Humpf… Preciso responder?
Sim, por favor. Por que a senhora se sentiu mal?
Porque estava presa num aquário de vidro. Foi degradante e criminoso.
Desculpa. Na época que escrevi o livro eu não pensei nisso.
Eu sei. Você era muito ignorante.
Por onde a senhora anda agora?
Eu não ando. Não tenho pernas. Eu rastejo. Jamais pergunte a uma serpente por onde ela anda. Isso é ofensivo.
Por onde a senhora tem rastejado?
Vivo numa ilha.
Sério? Que ótimo! Então a senhora também conquistou sua liberdade?
Sim.
A senhora se casou?
Sim. Cinco vezes. E fiquei viúva. Cinco vezes.
A senhora pretende se casar novamente?
Só Deus sabe.
A senhora continua linda. Qual o segredo para ter um couro tão bonito?
Bebo três litros de água por dia, durmo muito, muito mesmo, e pratico yoga todos os dias. E não me apego demais aos meus maridos.
A senhora dança?
Naturalmente.
Que tipo de dança?
Pratico dança do ventre. Meus antepassados eram árabes. Amo dançar. Dança pra mim é vida. A vida é uma dança. Você continua dançando, Índigo?
Continuo.
Você ainda tem medo de cobras, Índigo?
Não é bem medo. Acho que tenho fascínio.
Soube que você interagiu com uma jararaquinha no começo de 2017. Como foi essa experiência para você, Índigo?
Foi auspicioso. Auspicioso é a palavra. Acho que a senhora entende.
Eu entendo. Alguma outra pergunta que você gostaria de me fazer, Índigo?
Não. Engraçado, acho que a entrevista se inverteu. Agora é você quem está me entrevistando.
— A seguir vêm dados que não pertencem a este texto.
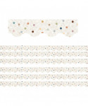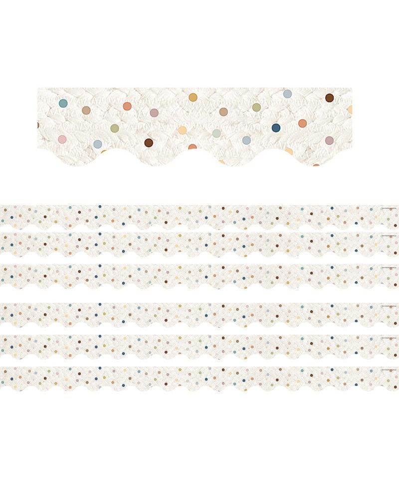 Use scalloped border trim to liven up your classroom! Create fresh looks for bulletin boards, windows, walls, and class projects. Mix and match with coordinating products (stickers, notepads, awards, etc.) for a classroom theme. Each pack includes 12 pieces (approximately 2-3/16" x 35") for a total length of 35 feet of trim! Sold as 6 packs for a total of 72 strips (210 feet) total.

Logo se vê que você nunca conversou com uma serpente antes. Índigo, obrigada pela entrevista. Você gostaria que eu relasse em você? Prometo que não te pico.
Acho que ainda não estou preparada. Obrigada. Adeus.
Adeus, querida.
2 comentários
Ótima proposta. Desdobra a obra. Isso é uma marginação literária. Abraços
Valeu, Alexandre. Essa é a ideia!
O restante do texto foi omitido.